WHAT TO DO:
Copy out the data below from the line containing "- K ovocným" to the line containing "Panic Book - sequence", both lines included, with all images left out.

:: RECORDS FOR THE TASK

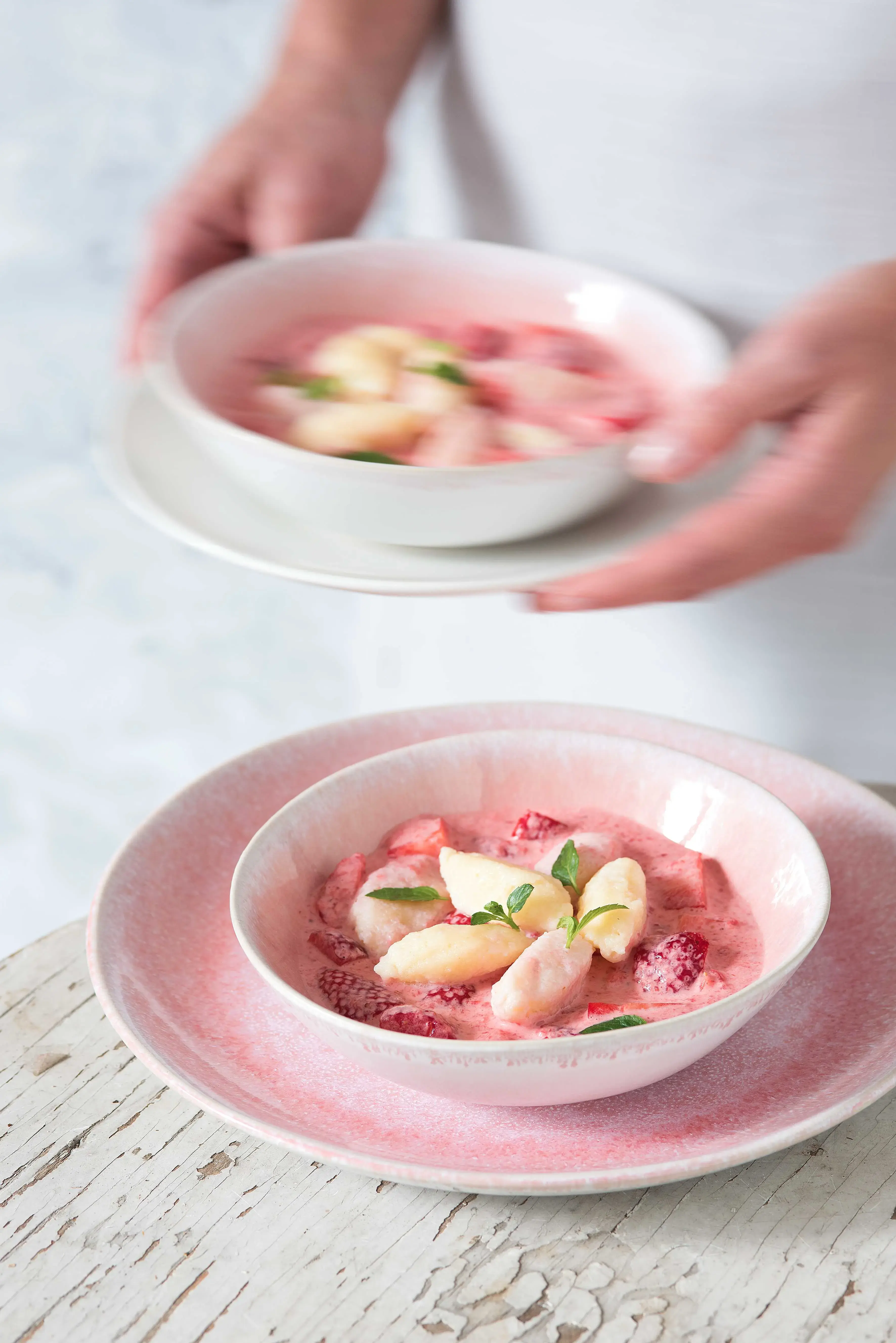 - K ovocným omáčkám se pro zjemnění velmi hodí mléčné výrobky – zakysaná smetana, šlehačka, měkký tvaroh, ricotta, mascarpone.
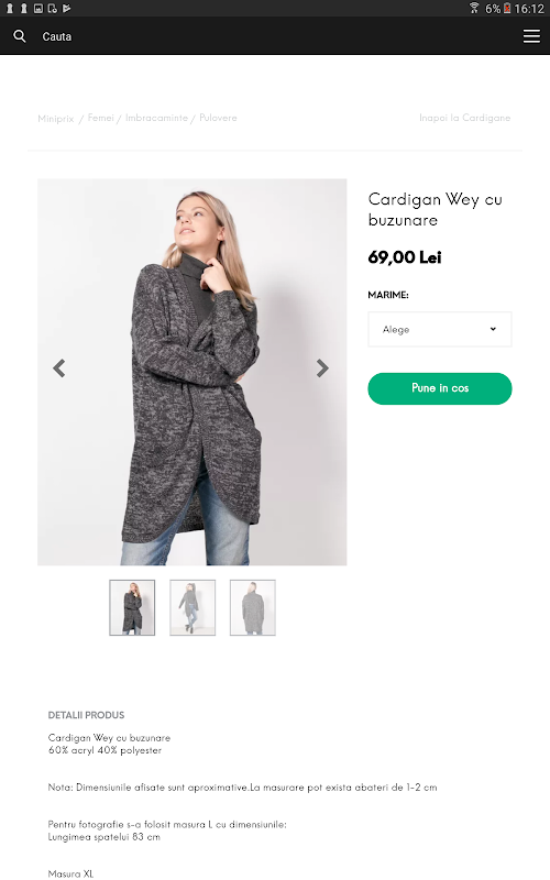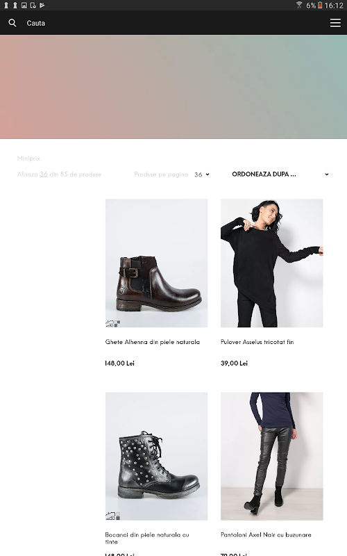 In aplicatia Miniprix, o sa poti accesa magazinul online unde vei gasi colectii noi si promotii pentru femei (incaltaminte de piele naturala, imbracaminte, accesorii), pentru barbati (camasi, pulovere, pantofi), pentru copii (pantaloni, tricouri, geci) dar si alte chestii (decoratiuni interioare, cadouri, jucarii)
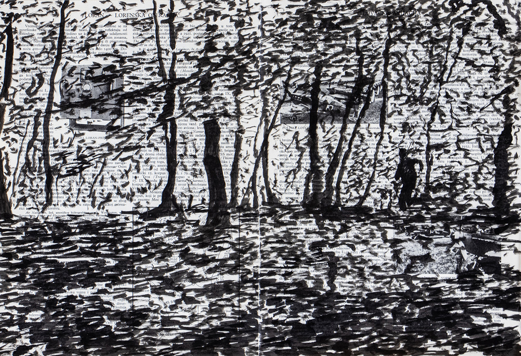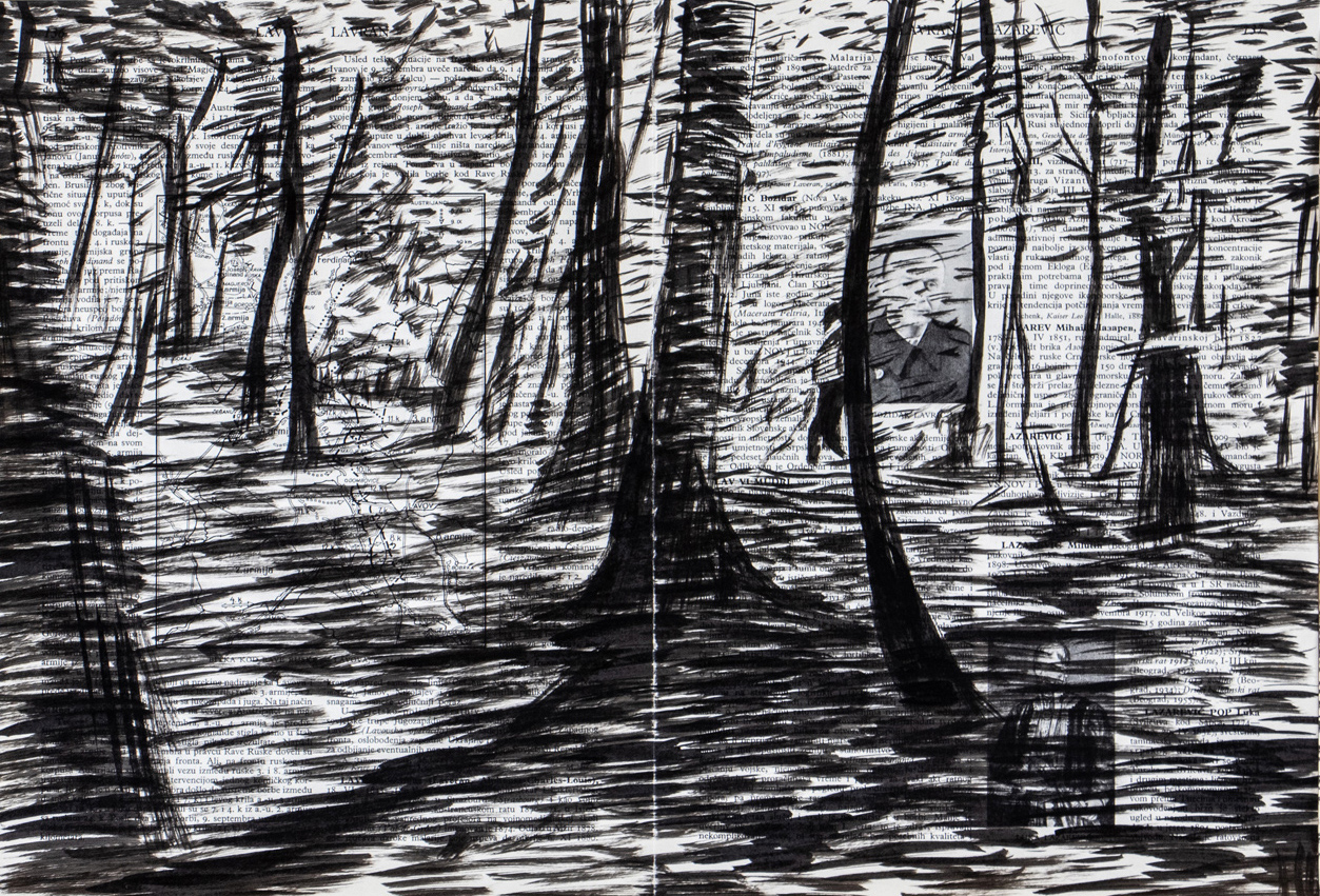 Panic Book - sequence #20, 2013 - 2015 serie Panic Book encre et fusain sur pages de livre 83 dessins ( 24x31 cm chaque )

::::
:: RECORDS FOR THE TASK

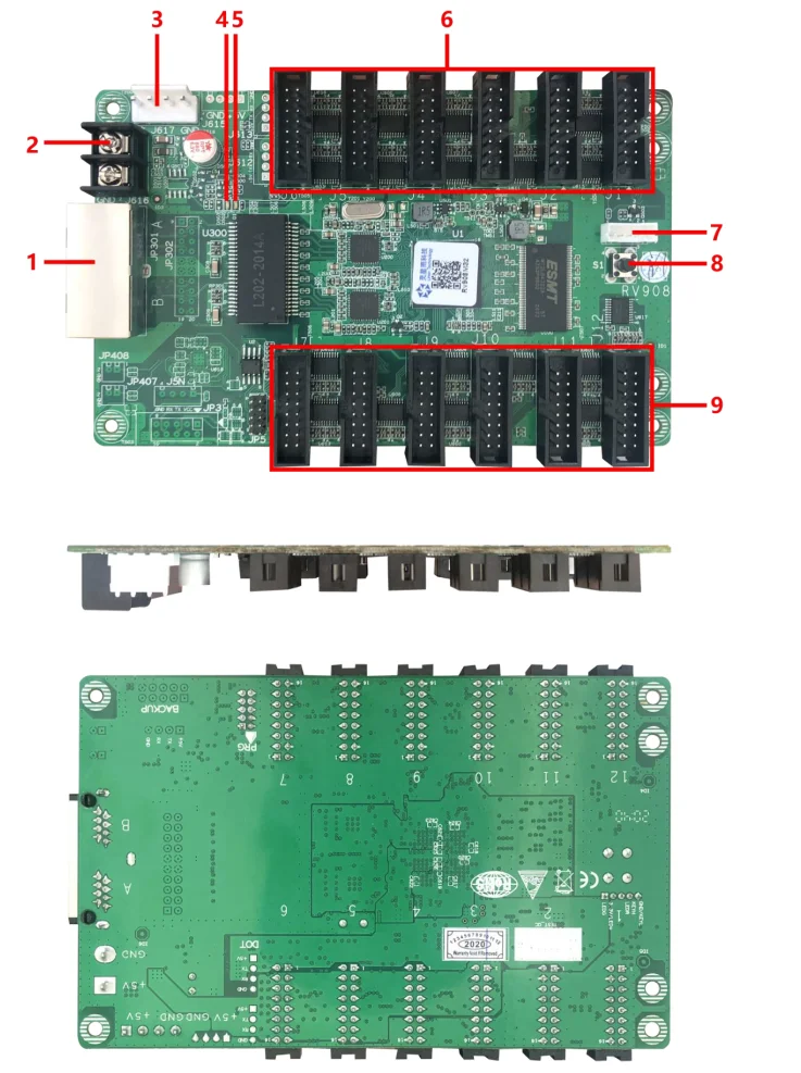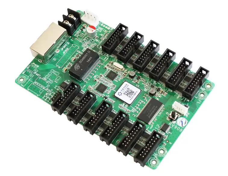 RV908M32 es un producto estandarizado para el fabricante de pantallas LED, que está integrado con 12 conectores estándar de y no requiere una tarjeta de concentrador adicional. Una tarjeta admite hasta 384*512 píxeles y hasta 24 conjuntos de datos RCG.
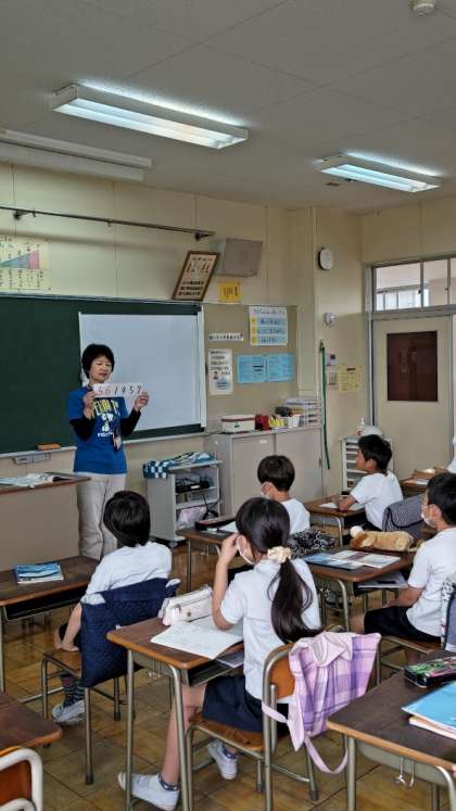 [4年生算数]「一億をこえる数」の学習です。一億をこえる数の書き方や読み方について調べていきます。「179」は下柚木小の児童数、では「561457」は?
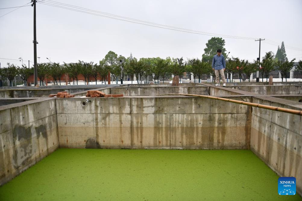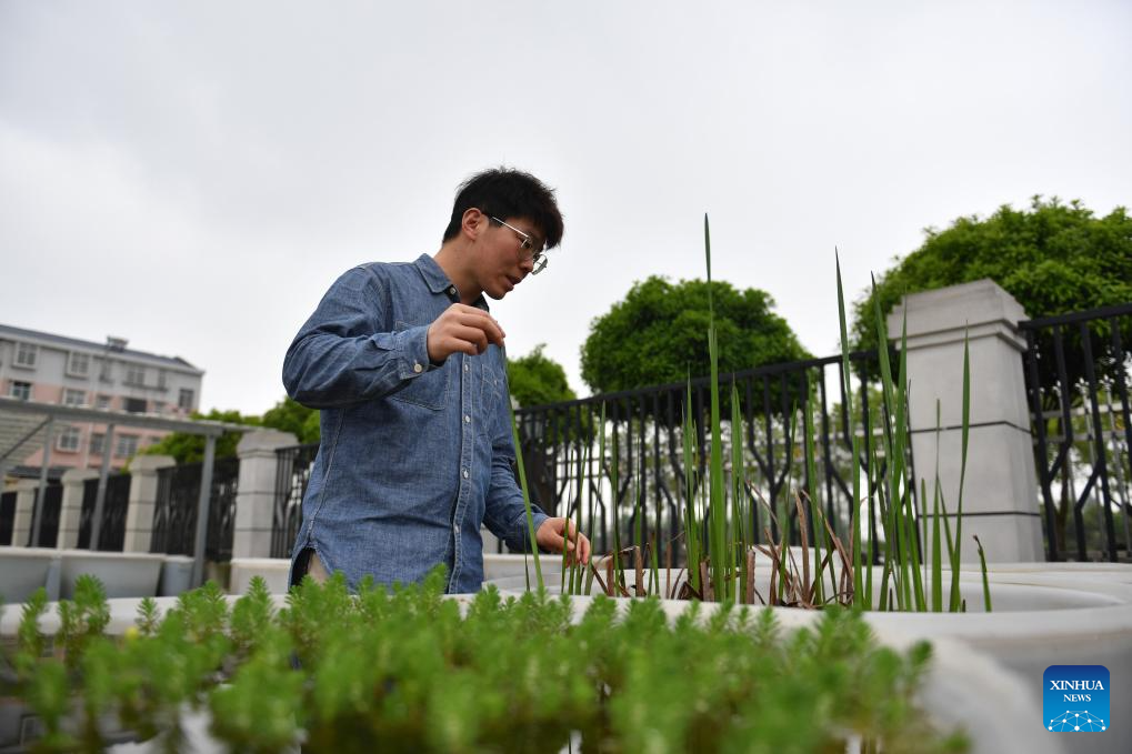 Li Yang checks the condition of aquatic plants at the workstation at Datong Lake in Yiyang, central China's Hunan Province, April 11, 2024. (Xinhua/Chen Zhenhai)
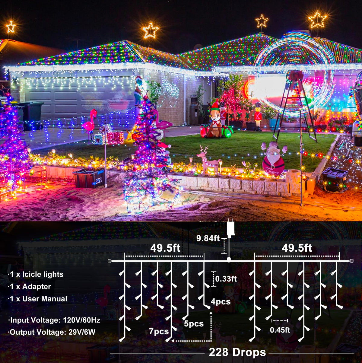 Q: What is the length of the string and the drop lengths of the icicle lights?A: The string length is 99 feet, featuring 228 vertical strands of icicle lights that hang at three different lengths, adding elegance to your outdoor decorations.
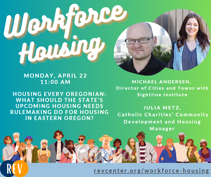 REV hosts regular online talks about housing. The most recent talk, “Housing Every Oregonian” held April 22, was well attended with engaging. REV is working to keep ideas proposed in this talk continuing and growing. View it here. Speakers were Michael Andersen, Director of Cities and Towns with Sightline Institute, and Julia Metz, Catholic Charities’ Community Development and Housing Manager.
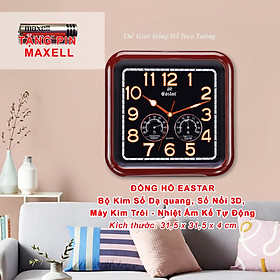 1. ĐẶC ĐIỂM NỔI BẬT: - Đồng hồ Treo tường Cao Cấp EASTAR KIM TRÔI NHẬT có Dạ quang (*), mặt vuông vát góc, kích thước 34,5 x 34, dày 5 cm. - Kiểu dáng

::::

WRITTEN RESPONSE:
 - K ovocným omáčkám se pro zjemnění velmi hodí mléčné výrobky – zakysaná smetana, šlehačka, měkký tvaroh, ricotta, mascarpone.
 In aplicatia Miniprix, o sa poti accesa magazinul online unde vei gasi colectii noi si promotii pentru femei (incaltaminte de piele naturala, imbracaminte, accesorii), pentru barbati (camasi, pulovere, pantofi), pentru copii (pantaloni, tricouri, geci) dar si alte chestii (decoratiuni interioare, cadouri, jucarii)
 Panic Book - sequence #20, 2013 - 2015 serie Panic Book encre et fusain sur pages de livre 83 dessins ( 24x31 cm chaque )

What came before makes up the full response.